_Supplied information_
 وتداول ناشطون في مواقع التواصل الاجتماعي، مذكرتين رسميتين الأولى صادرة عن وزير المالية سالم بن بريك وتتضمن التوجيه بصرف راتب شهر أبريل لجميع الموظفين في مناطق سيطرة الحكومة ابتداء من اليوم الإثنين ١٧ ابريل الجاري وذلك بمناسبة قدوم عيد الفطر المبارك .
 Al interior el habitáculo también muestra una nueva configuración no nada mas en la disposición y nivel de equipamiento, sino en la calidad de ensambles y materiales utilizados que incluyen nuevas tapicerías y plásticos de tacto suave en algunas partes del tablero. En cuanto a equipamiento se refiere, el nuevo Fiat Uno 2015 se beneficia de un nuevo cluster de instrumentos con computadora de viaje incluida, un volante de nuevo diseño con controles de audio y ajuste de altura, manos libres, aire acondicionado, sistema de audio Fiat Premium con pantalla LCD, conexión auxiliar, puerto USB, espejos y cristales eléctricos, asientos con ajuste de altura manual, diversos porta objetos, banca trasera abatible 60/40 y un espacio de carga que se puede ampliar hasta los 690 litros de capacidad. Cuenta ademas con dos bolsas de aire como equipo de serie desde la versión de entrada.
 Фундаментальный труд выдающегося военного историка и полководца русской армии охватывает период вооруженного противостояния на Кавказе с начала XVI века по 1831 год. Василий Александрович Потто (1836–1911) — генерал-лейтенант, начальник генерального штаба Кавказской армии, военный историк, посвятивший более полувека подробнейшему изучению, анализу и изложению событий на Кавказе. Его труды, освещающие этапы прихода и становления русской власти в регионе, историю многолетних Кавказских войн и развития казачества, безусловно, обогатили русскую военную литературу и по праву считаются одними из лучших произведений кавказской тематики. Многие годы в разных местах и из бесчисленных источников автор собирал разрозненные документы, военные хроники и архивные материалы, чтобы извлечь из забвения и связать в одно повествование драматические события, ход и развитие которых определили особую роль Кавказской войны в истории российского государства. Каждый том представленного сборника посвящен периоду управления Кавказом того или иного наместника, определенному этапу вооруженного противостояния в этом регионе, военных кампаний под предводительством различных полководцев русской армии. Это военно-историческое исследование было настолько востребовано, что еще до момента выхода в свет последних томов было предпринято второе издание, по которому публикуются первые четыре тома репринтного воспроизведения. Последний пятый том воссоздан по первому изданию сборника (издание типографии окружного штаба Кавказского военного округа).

_Work request_
Every piece of the data is to be set down again exactly.

_Exercise result_
 وتداول ناشطون في مواقع التواصل الاجتماعي، مذكرتين رسميتين الأولى صادرة عن وزير المالية سالم بن بريك وتتضمن التوجيه بصرف راتب شهر أبريل لجميع الموظفين في مناطق سيطرة الحكومة ابتداء من اليوم الإثنين ١٧ ابريل الجاري وذلك بمناسبة قدوم عيد الفطر المبارك .
 Al interior el habitáculo también muestra una nueva configuración no nada mas en la disposición y nivel de equipamiento, sino en la calidad de ensambles y materiales utilizados que incluyen nuevas tapicerías y plásticos de tacto suave en algunas partes del tablero. En cuanto a equipamiento se refiere, el nuevo Fiat Uno 2015 se beneficia de un nuevo cluster de instrumentos con computadora de viaje incluida, un volante de nuevo diseño con controles de audio y ajuste de altura, manos libres, aire acondicionado, sistema de audio Fiat Premium con pantalla LCD, conexión auxiliar, puerto USB, espejos y cristales eléctricos, asientos con ajuste de altura manual, diversos porta objetos, banca trasera abatible 60/40 y un espacio de carga que se puede ampliar hasta los 690 litros de capacidad. Cuenta ademas con dos bolsas de aire como equipo de serie desde la versión de entrada.
 Фундаментальный труд выдающегося военного историка и полководца русской армии охватывает период вооруженного противостояния на Кавказе с начала XVI века по 1831 год. Василий Александрович Потто (1836–1911) — генерал-лейтенант, начальник генерального штаба Кавказской армии, военный историк, посвятивший более полувека подробнейшему изучению, анализу и изложению событий на Кавказе. Его труды, освещающие этапы прихода и становления русской власти в регионе, историю многолетних Кавказских войн и развития казачества, безусловно, обогатили русскую военную литературу и по праву считаются одними из лучших произведений кавказской тематики. Многие годы в разных местах и из бесчисленных источников автор собирал разрозненные документы, военные хроники и архивные материалы, чтобы извлечь из забвения и связать в одно повествование драматические события, ход и развитие которых определили особую роль Кавказской войны в истории российского государства. Каждый том представленного сборника посвящен периоду управления Кавказом того или иного наместника, определенному этапу вооруженного противостояния в этом регионе, военных кампаний под предводительством различных полководцев русской армии. Это военно-историческое исследование было настолько востребовано, что еще до момента выхода в свет последних томов было предпринято второе издание, по которому публикуются первые четыре тома репринтного воспроизведения. Последний пятый том воссоздан по первому изданию сборника (издание типографии окружного штаба Кавказского военного округа).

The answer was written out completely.